WHAT TO DO: The pictures stay out; all of the data is to be printed exactly.

RECORDS SHOWN:

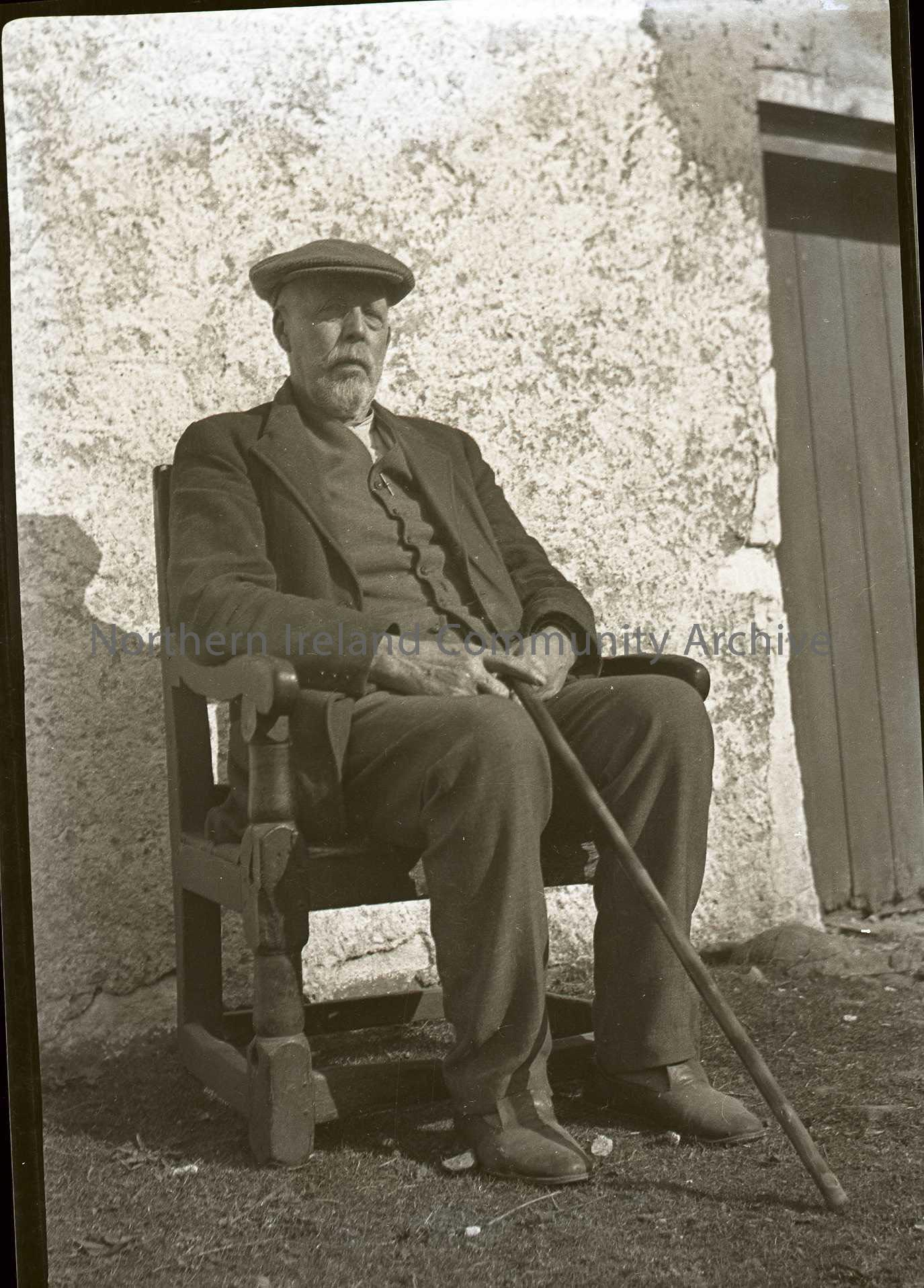 Film negative of an old man sitting on a chair outside a cottage.
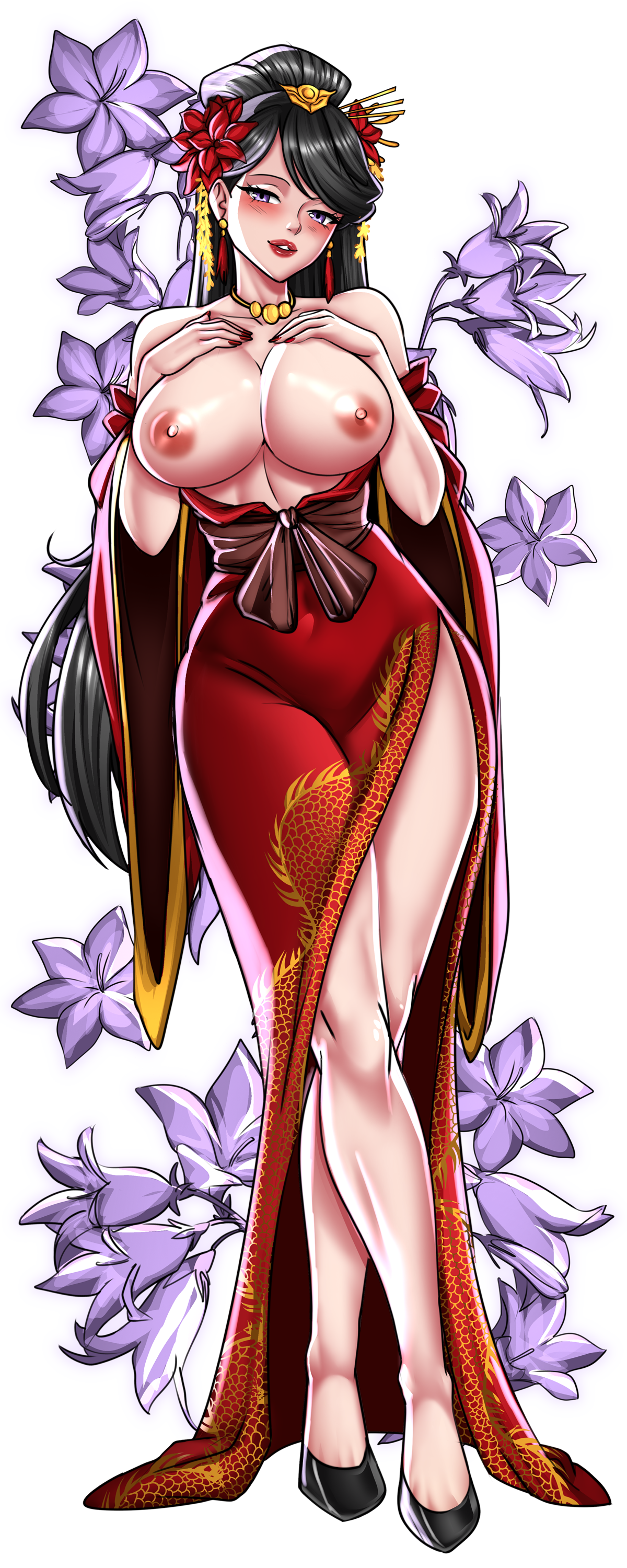 About her: Riuyu is known throughout the Inner Palace for her flawless posture, dangerous smile, and her ability to know everyone’s deepest kinks. She rose to mid-rank consort status not through favors or beauty contests, but with her great skills with her mouth and hands. With a body as hot as fire and voluptuous breasts, she is simply every man’s dream consort.
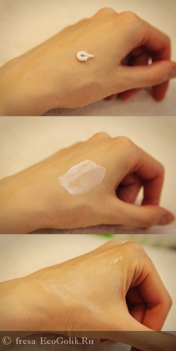 Крем имеет приятный запах (кстати, чем-то напомнил мне крем Био-годжи от Санте), нежную текстуру, наносить его приятно. Впитывается довольно быстро с тыльной стороны ладони, но на подушечках пальцев чувствую жирную пленочку.
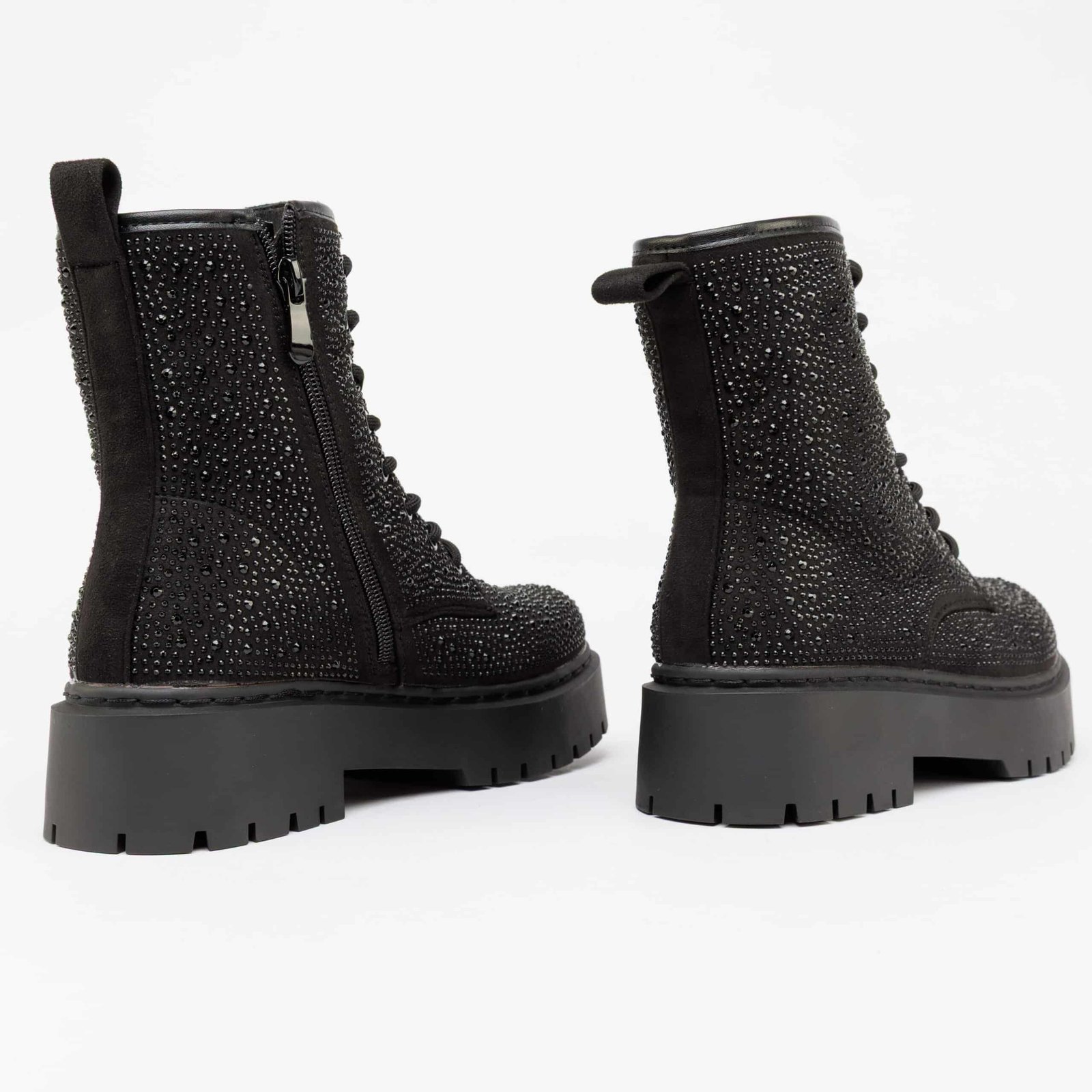 استعدي لتتألقي هذا الشتاء مع هذا الحذاء الشتوي المستورد الذي يجمع بين القوة، الفخامة، والراحة في تصميم واحد يلفت الأنظار من أول نظرة. يأتي هذا البوت بتصميم عصري جريء مستوحى من موضة الأحذية القتالية (Combat Boots) ولكنه مُطور بلمسات أنثوية راقية بفضل الطبقة الخارجية المرصعة بتفاصيل لامعة تمنحه مظهرًا فخمًا ومميزًا.
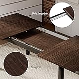 Package Note: The table and chairs will be delivered in 2 packages, they may not arrive at the same time, so please wait patiently( Box1: Tablex1, Box 2: Chairs x 6) Perfect for 4-6 Persons: This classic and chic dining table and chair set is perfect for family and friend gatherings,the extendable design just 1 person can quickly extend the table to a maximum of 63''(5¼ft) for a meal of 6, no need to worry about crowded seats, enjoy a homey and happy meal Modern Dining Table and Chairs Set: This dining table set contains 1 table and 6 chairs. Table size: 47.3"L x 31.5"W x 30"H (Shrink); 63"L x 31.5"W x 30"H(Expanded); Chair Size: 34.2"H x15.7"W x 18"L. It has a wide range of uses, which can be used for home, kitchen, living room and dining room, etc Thickened Durable Structure: This kitchen table and chair set is made of MDF board with a reinforced metal structure, ensuring robust stability, which provides strong weight-bearing capacity(Table: 330lbs; Chair: 330lbs). With anti-slip foot pads, don't scratches on your floors when you move it Thoughtful Design: With corner protection in this dining table, and an arc design in the dining chair, protect your family from sharp collisions. Besides, the middle backrest is in sync with the natural curvature of the spine, so it is ergonomically designed to bring you a cozy backrest experience Space-Saving for Small Space: Equipped with the track this dining room table can be shrunk fit tightly when not in use. Dining chairs can be moved under the dining table, utilize space well and say goodbye to clutter
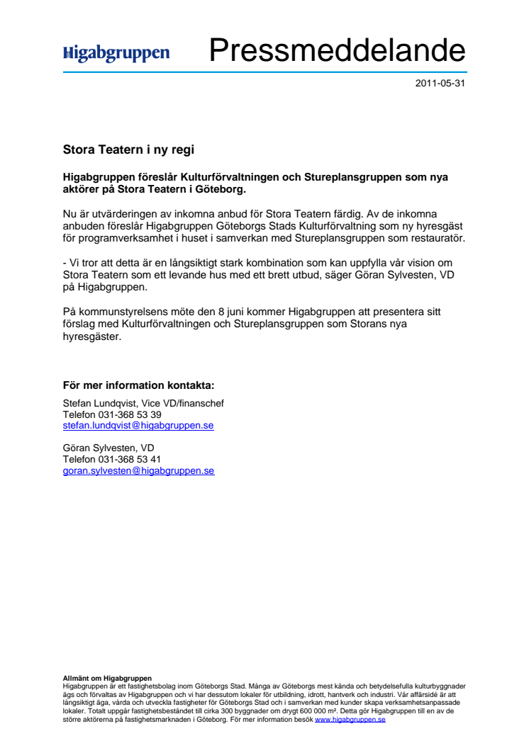 Higabgruppen föreslår Kulturförvaltningen och Stureplansgruppen som nya aktörer på Stora Teatern i Göteborg.
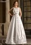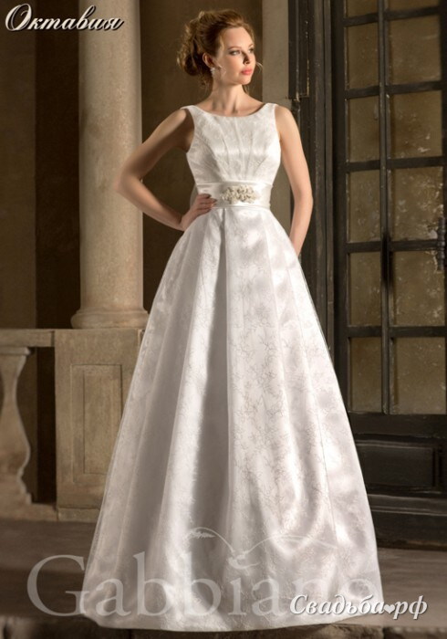 Лаконичный наряд может похвастаться оригинальной фактурой и безупречными формами. Закрытый корсет с вырезом-лодочкой на груди подчёркивает бюст. Талия украшена широким поясом со сверкающей вышивкой. Пышная юбка со складками придаёт образу королевский лоск. Это красивое свадебное платье представлено в наличии.
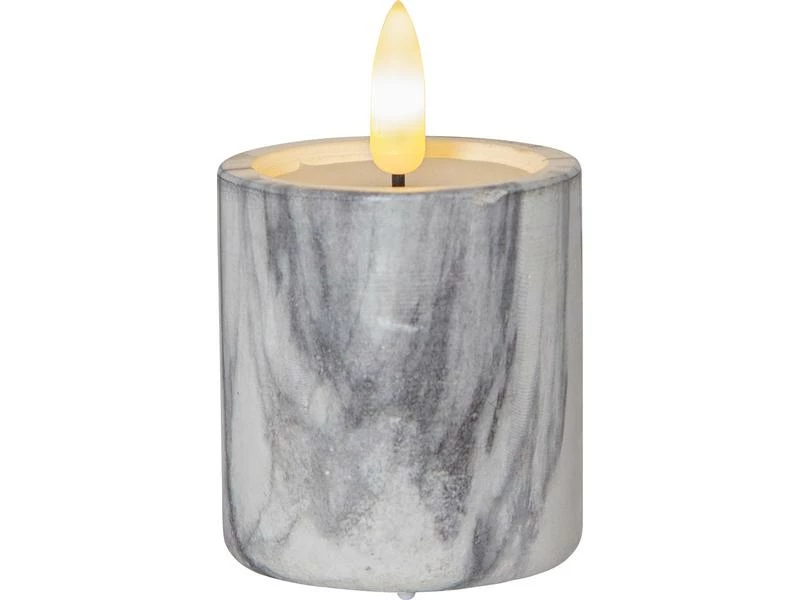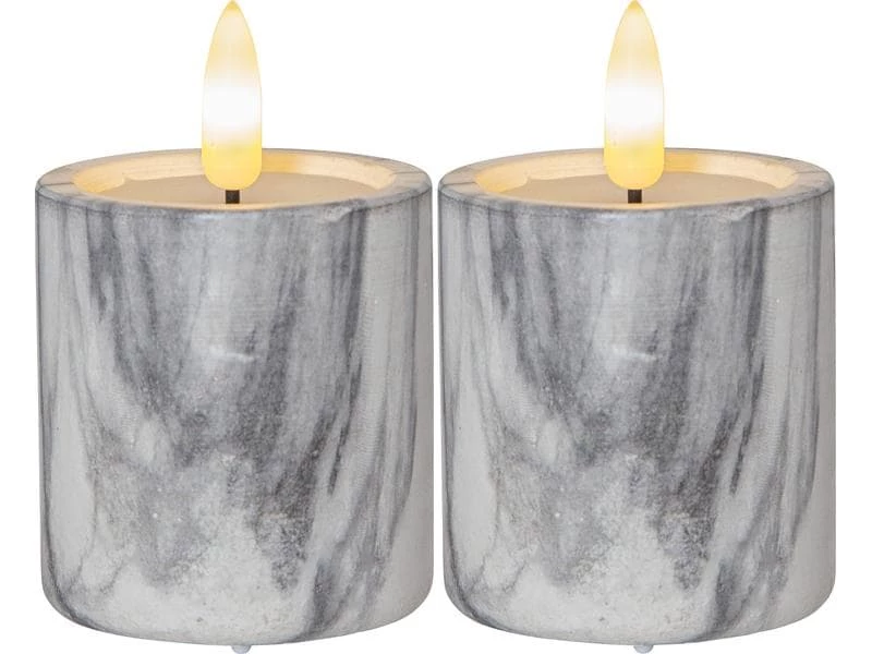 Star Trading LED-Kerze Pillar Flamme Marble Ø 5.5 x 9 cm, Grau, 2 Stk
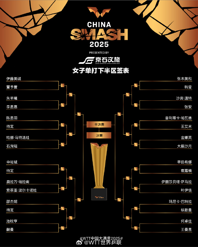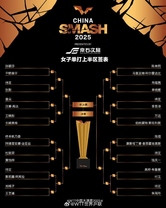女单方面,中国队孙颖莎、王曼昱、陈幸同、蒯曼、王艺迪、陈熠、石洵瑶、钱天一、何卓佳、王晓彤、覃予萱、纵歌曼12人直接参与正赛角逐。女队签表相对均衡,上下半区各6人。孙颖莎、王艺迪、王晓彤、陈幸同、陈熠、钱天一身处上半区,王曼昱、蒯曼、石洵瑶、何卓佳、覃予萱、纵歌曼镇守下半区。1/4区,孙颖莎将率先对阵日本选手平野美宇,王艺迪对阵澳大利亚选手刘杨子,王晓彤将迎战日本选手长崎美柚。2/4区,陈幸同的对手将是选手埃及选手阿尔霍达比,陈熠将率先对阵澳大利亚选手普西霍吉奥斯,钱天一的对手将是一位从资格赛突围的选手。3/4区,覃予萱、石洵瑶、蒯曼的首轮对手分别是日本选手伊藤美诚、捷克选手马特洛娃、澳大利亚选手池旼亨。4/4区,王曼昱与何卓佳将率先展开“内战”,纵歌曼将迎战印度选手巴特拉。(图片来源:WTT世界乒联微博)

ANSWER SECTION:
 Film negative of an old man sitting on a chair outside a cottage.
 About her: Riuyu is known throughout the Inner Palace for her flawless posture, dangerous smile, and her ability to know everyone’s deepest kinks. She rose to mid-rank consort status not through favors or beauty contests, but with her great skills with her mouth and hands. With a body as hot as fire and voluptuous breasts, she is simply every man’s dream consort.
 Крем имеет приятный запах (кстати, чем-то напомнил мне крем Био-годжи от Санте), нежную текстуру, наносить его приятно. Впитывается довольно быстро с тыльной стороны ладони, но на подушечках пальцев чувствую жирную пленочку.
 استعدي لتتألقي هذا الشتاء مع هذا الحذاء الشتوي المستورد الذي يجمع بين القوة، الفخامة، والراحة في تصميم واحد يلفت الأنظار من أول نظرة. يأتي هذا البوت بتصميم عصري جريء مستوحى من موضة الأحذية القتالية (Combat Boots) ولكنه مُطور بلمسات أنثوية راقية بفضل الطبقة الخارجية المرصعة بتفاصيل لامعة تمنحه مظهرًا فخمًا ومميزًا.
 Package Note: The table and chairs will be delivered in 2 packages, they may not arrive at the same time, so please wait patiently( Box1: Tablex1, Box 2: Chairs x 6) Perfect for 4-6 Persons: This classic and chic dining table and chair set is perfect for family and friend gatherings,the extendable design just 1 person can quickly extend the table to a maximum of 63''(5¼ft) for a meal of 6, no need to worry about crowded seats, enjoy a homey and happy meal Modern Dining Table and Chairs Set: This dining table set contains 1 table and 6 chairs. Table size: 47.3"L x 31.5"W x 30"H (Shrink); 63"L x 31.5"W x 30"H(Expanded); Chair Size: 34.2"H x15.7"W x 18"L. It has a wide range of uses, which can be used for home, kitchen, living room and dining room, etc Thickened Durable Structure: This kitchen table and chair set is made of MDF board with a reinforced metal structure, ensuring robust stability, which provides strong weight-bearing capacity(Table: 330lbs; Chair: 330lbs). With anti-slip foot pads, don't scratches on your floors when you move it Thoughtful Design: With corner protection in this dining table, and an arc design in the dining chair, protect your family from sharp collisions. Besides, the middle backrest is in sync with the natural curvature of the spine, so it is ergonomically designed to bring you a cozy backrest experience Space-Saving for Small Space: Equipped with the track this dining room table can be shrunk fit tightly when not in use. Dining chairs can be moved under the dining table, utilize space well and say goodbye to clutter
 Higabgruppen föreslår Kulturförvaltningen och Stureplansgruppen som nya aktörer på Stora Teatern i Göteborg.
 Лаконичный наряд может похвастаться оригинальной фактурой и безупречными формами. Закрытый корсет с вырезом-лодочкой на груди подчёркивает бюст. Талия украшена широким поясом со сверкающей вышивкой. Пышная юбка со складками придаёт образу королевский лоск. Это красивое свадебное платье представлено в наличии.
 Star Trading LED-Kerze Pillar Flamme Marble Ø 5.5 x 9 cm, Grau, 2 Stk
女单方面,中国队孙颖莎、王曼昱、陈幸同、蒯曼、王艺迪、陈熠、石洵瑶、钱天一、何卓佳、王晓彤、覃予萱、纵歌曼12人直接参与正赛角逐。女队签表相对均衡,上下半区各6人。孙颖莎、王艺迪、王晓彤、陈幸同、陈熠、钱天一身处上半区,王曼昱、蒯曼、石洵瑶、何卓佳、覃予萱、纵歌曼镇守下半区。1/4区,孙颖莎将率先对阵日本选手平野美宇,王艺迪对阵澳大利亚选手刘杨子,王晓彤将迎战日本选手长崎美柚。2/4区,陈幸同的对手将是选手埃及选手阿尔霍达比,陈熠将率先对阵澳大利亚选手普西霍吉奥斯,钱天一的对手将是一位从资格赛突围的选手。3/4区,覃予萱、石洵瑶、蒯曼的首轮对手分别是日本选手伊藤美诚、捷克选手马特洛娃、澳大利亚选手池旼亨。4/4区,王曼昱与何卓佳将率先展开“内战”,纵歌曼将迎战印度选手巴特拉。(图片来源:WTT世界乒联微博)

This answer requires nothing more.